In contrast, for us in the Japanese NGO, after the 97'incident to arm, a small wireless was distributed, and for about six months regular check up calls were made once a month. And new Japanese radio station was also opened so that in the case of an emergency safety information could be broadcast. Six years has passed since then, the wireless is already broken, and no check up calls have been made. Mr.Sakakibara, who remembered the Japanese radio station tried to tune in, only to hear a buzz.
It is often said that a disaster strikes when people least expect it. The reality here that there is no disaster prevention measures administered by the Japanese government, this made me think that we as individuals must be responsible for protecting ourselves.
Having heard on the news that the Thai rescue center had started evacuating Thai people from Iraq, I wondered what kind of help Japanese government would provide for the Japanese expatriates. Once again this makes me reflect upon the crisis management for expatriates working in developing countries.

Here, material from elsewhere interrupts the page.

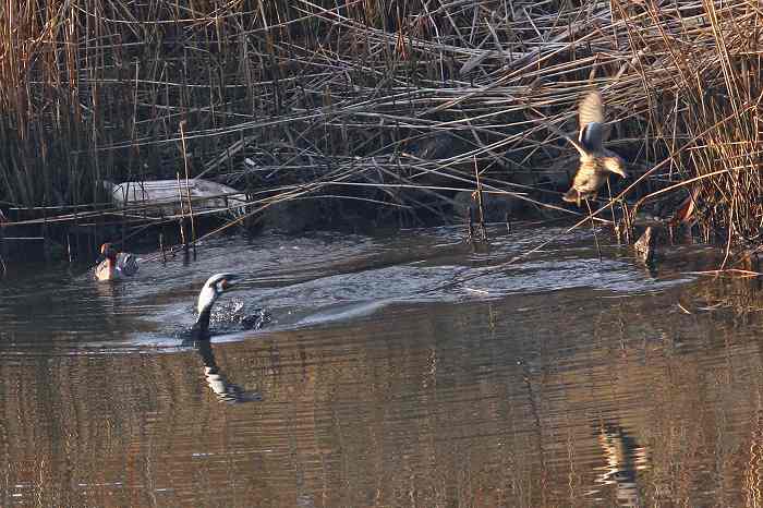 前にカワウがぶかっと浮いて来たのです。びっくり仰天したコガモ♀が飛び上がっ

/ The first school, Tool Ponley elementary school /

On our way to the study tour prior to the YMCA work camp, we passed by Tool Ponley primary school, the first school we built. The bad road around the school, which once described by a motocross fanatic as "the roughest course in the world" has been repaired nicely. Thanks to the cooperation of German NGO and the resident's community work, remote country areas have been greatly developed.
We came across Mr.Pakky, the head of the commune then, who was assisting voter registration, he used to fight bravely against Pol Pot group, proud to say that there was no one who could beat him at shooting. He uttered "the time has changed, the fighting days are over. I'm getting tired of making administrative documents, I want to quit my job as head of the commune." Surely the times may have changed. Mr.Pakkie is the very person who asked me to build a school for them. He said a school was more needed than an election. He recalled the old days and said that he was overjoyed when they received a school earlier than any other areas. He continued to tell us old stories: on one occasion a school master was abducted, on another the school was nearly attacked twice by Pol Pot group and the staff had to abandon their cars in the bushes by the river. We were moved to tears by these extraordinary stories. In spite of many difficulties such as retaliations from Pol Pot group, loved teachers eloping, terrible floods preventing them from going to work, Mr. Pakky built a house to accommodate the teachers, the school has now expanded to have five class rooms, being used daily.
The school master is actually person who once taught literacy.
Inside the school, we saw drawings and art crafts displayed on the wall, a sight that should be seen at schools, which made us relieved and happy.
Outside, in the school-yard, several palm trees that we had planted in commemoration were growing.
This year, ADB and Education Ministry are planning to build schools in four southern counties including Kampot. The construction engineers who took on ASAC project don't like to admit it but they are too happy to hide their feeling, as ADB pays them more. However, they said the payment is often delayed. Those engineers have grown to be active members playing central roles in the rebuilding of Cambodia.

/ Staff Reorganization /

Boramy, who had worked as the ASAC manager for many years has moved to Room To Read, an American NGO. He was "head hunted" by Room To Read as they planned to make a new on-site project team. Even though he works for another organization, his field remains the same, "education", they continue to work closely together, exchanging ideas and guidance.
Sokha, the administrative assistant has left the office. He is going to engage in his newspaper selling business. He wants to gain more regular subscribers and expand the business. The office feels a little bigger now. Remaining staffs are still in full operation. They have started to keep check-in and check-out time. They are working as hard as ever.